Discussion threadhttps://lists.apache.org/thread/686bhgwrrb4xmbfzlk60szwxos4z64t7
Vote threadhttps://lists.apache.org/thread/x5tyg0sb7h3clyrv34t9rfrwn7kwy3t3
JIRA

Unable to render Jira issues macro, execution error.

Release1.19.0

Redo

Please keep the discussion on the mailing list rather than commenting on the wiki (wiki discussions get unwieldy fast).

Motivation

Flink redesigned the table source/sink interfaces as part of FLIP-95 and also added optional interfaces to support projection, partitions, filter push down etc to the table source. Currently, it doesn’t support nested fields filter push down. For eg:

 SELECT * FROM users WHERE user.age < 30

In the above example, the filter on the user.age is currently not pushed down to the table source assuming that the table source supports nested fields filters. The goal of this FLIP is to revise the SupportsFilterPushDown API to enable push down support for nested fields filters while maintaining backward compatibility with existing table sources.

Public Interfaces

  • Introduce a new ResolvedExpression called NestedFieldReferenceExpression to support nested fields filter pushdown.

Proposed Changes

Introduce NestedFieldReferenceExpression to support nested fields filter pushdown

RexFieldAccess in Calcite is the RexNode for nested fields and a corresponding ResolvedExpression is not available in Flink.
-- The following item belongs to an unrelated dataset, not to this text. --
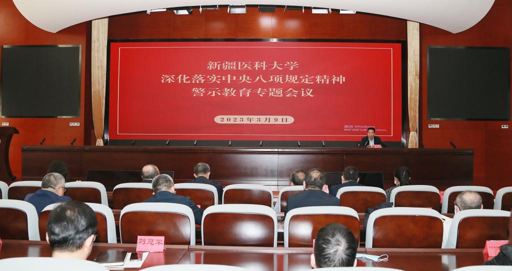 3月9日,beat365中文官方网站召开深化落实中央八项规定精神警示教育专题会议,全体在家校领导、全校副处级以上干部观看了中央八项规定精神专题警示教育片。校党委常委、纪委书记齐秋志主持会议。

To support nested fields filter pushdown, introduce NestedFieldReferenceExpression as the resolved expression for nested fields. If a table source doesn't support NestedFieldReferenceExpression, it will be a no-op and NestedFieldReferenceExpression will be returned as remainingFilters. This should ensure backwards compatibility for existing table sources.

NestedFieldReferenceExpression.java
public final class NestedFieldReferenceExpression implements ResolvedExpression {

    private final String[] fieldNames;

    private final int[] fieldIndices;

    private final DataType dataType;

    public NestedFieldReferenceExpression(
            String[] fieldNames,
			int[] fieldIndices,
            DataType dataType) {
        this.fieldNames = fieldNames;
		this.fieldIndices = fieldIndices;
        this.dataType = dataType;
    }

    public String[] getFieldNames() {
        return fieldNames;
    }

    public int[] getFieldIndices() {
        return fieldIndices;
    }

    @Override
    public DataType getOutputDataType() {
        return dataType;
    }
}

Compatibility, Deprecation, and Migration Plan

This feature adds support for nested fields filter pushdown and is backward compatible with existing TableSources. For both new and existing TableSources, either they support nested fields filters or it will be a no-op if they don't support nested fields filter pushdown.

Test Plan

The proposed changes must be covered with UT, IT and E2E tests.

Rejected Alternatives

Change FieldReferenceExpression to support nested fields

  • Modify FieldReferenceExpression class to include nestedFieldIndex array that includes the index of the field at every level traversing from top-level to leaf-level column for the nested field.
  • Add a new API called supportsNestedFilters to SupportsFilterPushDown which will be defaulted to false for backwards compatibility.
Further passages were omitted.